Let’s go back to the Chicago, Los Angeles and Phoenix comparisons. I identified 50-year time horizons of growth spurts for the four most prolific cities in U.S. history. Chicago, Los Angeles, Phoenix and Detroit are the only U.S. cities to start from a base of about 100,000 and achieve more than 10 times more residents within 50 years. You can see their growth spurts below; the data is from the U.S. Census.
I also did some research to examine annexation activity for each city during their most prolific periods. Each city’s annexation strategy was slightly different and created different outcomes:
- Chicago more than quadrupled its size between 1870 and 1890 in response to growing demand for city services;
- Los Angeles also quadrupled in size between 1910 and 1930, partly to secure access to water for present as much as future residents;
- Phoenix began a persistent, incremental annexation program in the ’60s, also in the name of city service provision;
- Detroit appears to have adopted an annexation strategy as a release valve reaction to the city’s rapid growth.
The amounts of land added through annexation during the most aggressive phases for each city are highlighted below in a table:
If you align the periods of greatest annexation with periods of greatest population growth, it becomes apparent how Detroit differed from the others — and failed in its attempt. You can see this by examining the table below. The decades of greatest annexation activity during their respective high-growth periods are highlighted in green. In the case of Chicago, Los Angeles and Phoenix, aggressive annexation activity occurred in the early stages of each city’s growth spurt, allowing for more controlled, if still very rapid, expansion. Detroit’s aggressive annexation activity, however, starts well into its growth spurt, perhaps starting a decade later than in the other three cities.

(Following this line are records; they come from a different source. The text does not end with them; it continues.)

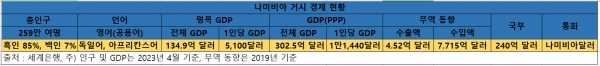 우선 나비미아의 개괄적 경제 현황을 살펴보면 1990년도 남아프리카공화국으로부터 독립된 신생국으로 인구는 260만 명 정도에 불과하다.
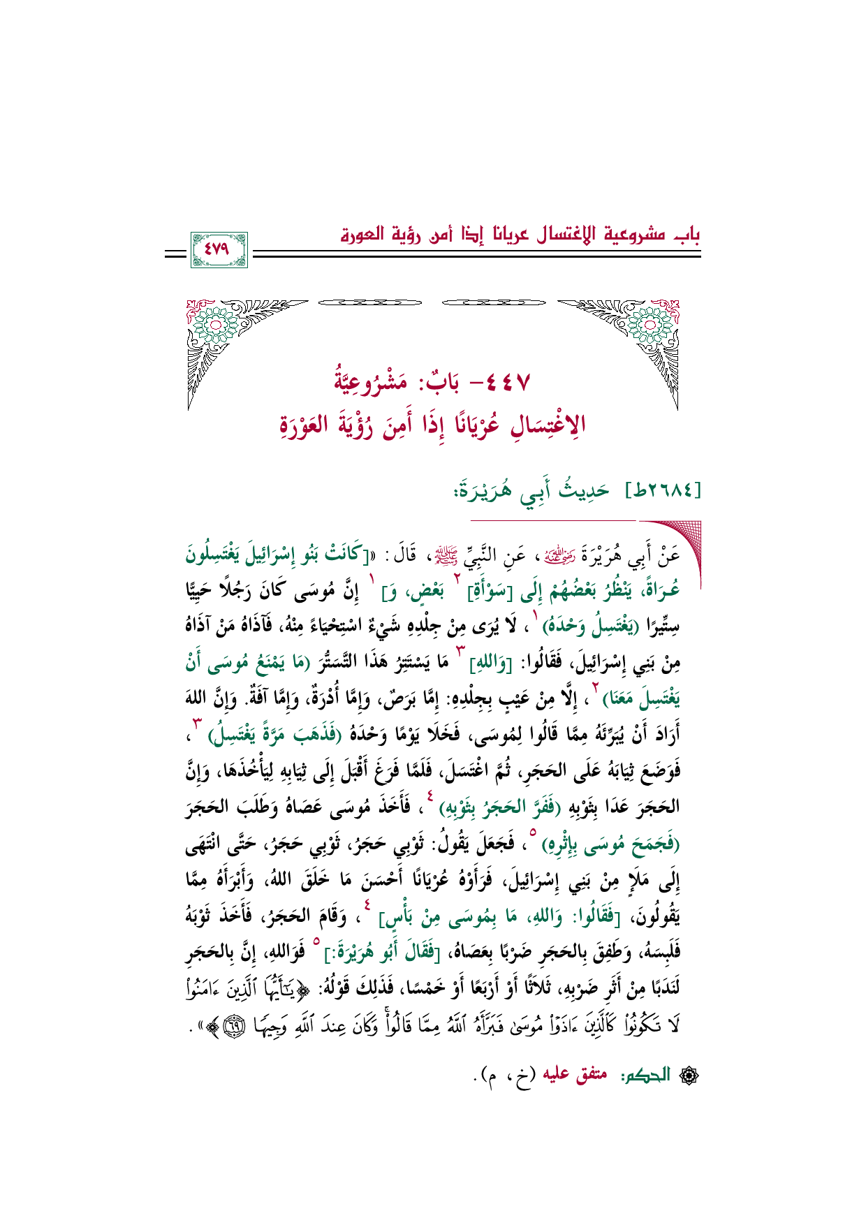 ◼ عَنْ أَبِي هُرَيْرَةَ رضي الله عنه، عَنِ النَّبِيِّ صلى الله عليه وسلم، قَالَ: (([كَانَتْ بَنُو إِسْرَائِيلَ يَغْتَسِلُونَ عُرَاةً، يَنْظُرُ بَعْضُهُمْ إِلَى [سَوْأَةِ] ٢ بَعْضٍ، وَ] ١ إِنَّ مُوسَى كَانَ رَجُلًا حَيِيًّا سِتِّيرًا (يَغْتَسِلُ وَحْدَهُ) ١، لَا يُرَى مِنْ جِلْدِهِ شَيْءٌ اسْتِحْيَاءً مِنْهُ، فَآذَاهُ مَنْ آذَاهُ مِنْ بَنِي إِسْرَائِيلَ، فَقَالُوا: [وَاللهِ] ٣ مَا يَسْتَتِرُ هَذَا التَّسَتُّرَ (مَا يَمْنَعُ مُوسَى أَنْ يَغْتَسِلَ مَعَنَا) ٢، إِلَّا مِنْ عَيْبٍ بِجِلْدِهِ: إِمَّا بَرَصٌ، وَإِمَّا أُدْرَةٌ، وَإِمَّا آفَةٌ. وَإِنَّ اللهَ أَرَادَ أَنْ يُبَرِّئَهُ مِمَّا قَالُوا لِمُوسَى، فَخَلَا يَوْمًا وَحْدَهُ (فَذَهَبَ مَرَّةً يَغْتَسِلُ) ٣، فَوَضَعَ ثِيَابَهُ عَلَى الحَجَرِ، ثُمَّ اغْتَسَلَ، فَلَمَّا فَرَغَ أَقْبَلَ إِلَى ثِيَابِهِ لِيَأْخُذَهَا، وَإِنَّ الحَجَرَ عَدَا بِثَوْبِهِ (فَفَرَّ الحَجَرُ بِثَوْبِهِ) ٤، فَأَخَذَ مُوسَى عَصَاهُ وَطَلَبَ الحَجَرَ (فَجَمَحَ مُوسَى بِإِثْرِهِ) ٥، فَجَعَلَ يَقُولُ: ثَوْبِي حَجَرُ، ثَوْبِي حَجَرُ، حَتَّى انْتَهَى إِلَى مَلَإٍ مِنْ بَنِي إِسْرَائِيلَ، فَرَأَوْهُ عُرْيَانًا أَحْسَنَ مَا خَلَقَ اللهُ، وَأَبْرَأَهُ مِمَّا يَقُولُونَ، [فَقَالُوا: وَاللهِ، مَا بِمُوسَى مِنْ بَأْسٍ] ٤، وَقَامَ الحَجَرُ، فَأَخَذَ ثَوْبَهُ فَلَبِسَهُ، وَطَفِقَ بِالحَجَرِ ضَرْبًا بِعَصَاهُ، [فَقَالَ أَبُو هُرَيْرَةَ: ] ٥ فَوَاللهِ، إِنَّ بِالحَجَرِ لَنَدَبًا مِنْ أَثَرِ ضَرْبِهِ، ثَلاثًا أَوْ أَرْبَعًا أَوْ خَمْسًا، فَذَلِكَ قَوْلُهُ: {يَا أَيُّهَا الَّذِينَ آمَنُوا لَا تَكُونُوا كَالَّذِينَ آذَوْا مُوسَى فَبَرَّأَهُ اللهُ مِمَّا قَالُوا وَكَانَ عِنْدَ اللهِ وَجِيهًا})).
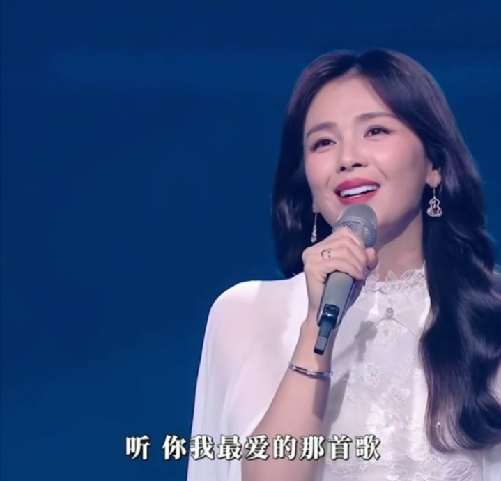 站在舞台上的她,面容姣好,通身散发着不老女神的魅力,实在亮眼,不愧是让琼瑶苦等三年的美人,岁月也格外优待她。
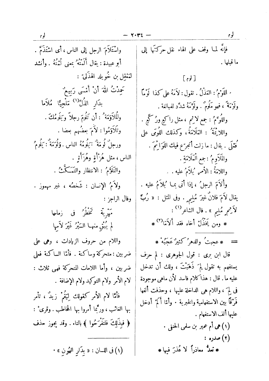 واسْتَلامَ الرجل إلى الناس، أي اسْتَذَمَّ. أبو عبيدة: يقال ألَمْتُهُ بمعنى لُمْتُهُ. وأنشد لمَعْقِل بن خويلد الهذَلي: حَمِدْتُ اللهَ أن أمْسى رَبيعٌ بدارِ الذُلِّ (¬1) مَلْحِيًَّا مُلاما والمُلاوَمَةُ: أن تَلومَ رجلاً ويَلومُكَ. وتَلاوَموا: لامَ بعضُهم بعضاً. ورجلٌ لومَةٌ: يَلومُهُ الناس. ولُوَمَةٌ: يلوم الناس، مثل هزأة وهزأة. والتلوم: الانتظار والتمكث. ولامُ الإنسان: شَخصُه، غير مهموز. وقال الراجز: مَهْرِيَّة تَخْطُرُ في زمامها لم يبق منها السير غير لامها واللام من حروف الزيادات، وهى على ضربين: متحركة وساكنة. فأما الساكنة فعلى ضربين، وأما اللامات المتحركة فهى ثلاث: لام الامر ولام التوكيد ولام الاضافة. فأما لام الامر كقولك ليقم زيد، تأمر بها الغائب، وربما أمروا بها المخاطب. وقرئ: (فبذلك فلتفرحوا) بالتاء. وقد يجوز حذف
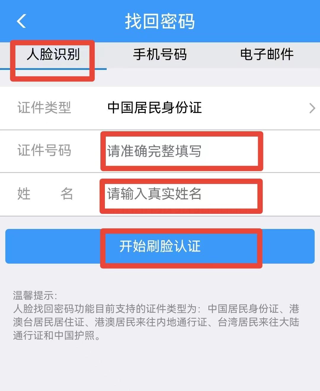 输入注册时所填写的证件号码和姓名,点击“开始刷脸认证”,点击“已阅读并同意认证服务协议、隐私权政策”和“开始核验”进行刷脸验证,通过后进入“补全账户信息”页面,根据提示信息设置新密码。
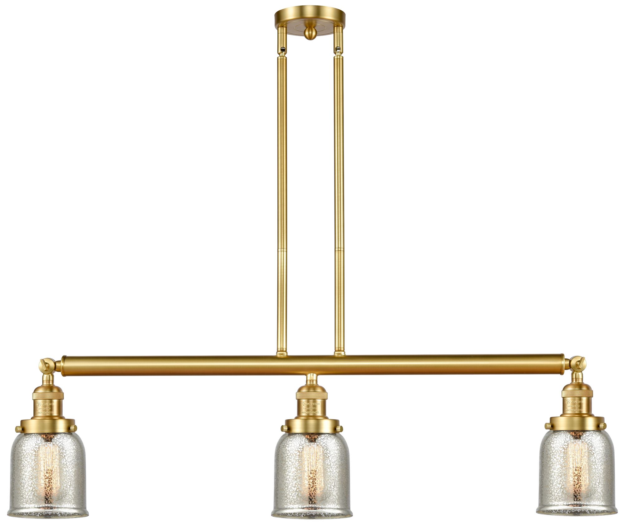 Bell 37.5"W 3 Light Gold Stem Hung Island Light w/ Mercury Shade

This difference in timing means all the difference between a city growing organically and a city feeling constrained by its growth.
The differences between Detroit and Los Angeles deserve closer examination, since both cities were most aggressive at annexation at roughly the same time. Both were aggressive between 1910 and 1930, but with big caveats: LA annexed nearly two-thirds of the 352 square miles it would annex over that period by 1917, in the San Fernando Valley and west LA. This makes the second factor in Detroit’s failed policy, the Great Depression and World War II, loom large. LA’s early annexation work meant it could create communities in the Valley and in west LA during a period of prosperity in the ’20s. Just as Detroit tried to do the same with its recently annexed lands the economy collapsed. Much of it sat undeveloped until the ’50s, when a new development form — Levittown-style suburbanism — began to emerge.
Detroit’s collapse starts here. The city’s fall from grace became clearer with each subsequent negative event — riots, auto industry decline and job loss, political corruption and municipal bankruptcy — but the seeds were sown here.
Everything we associate with Detroit’s economic, social and cultural legacy was shaped by the volatile years between 1900 and 1930, when the city failed in its attempt to grow itself out of problems it could not manage. Frustrations with overcrowdedness and the grit and grime of the industrial landscape had their beginnings here. Mounting racial tensions started here. The push to escape the city started here.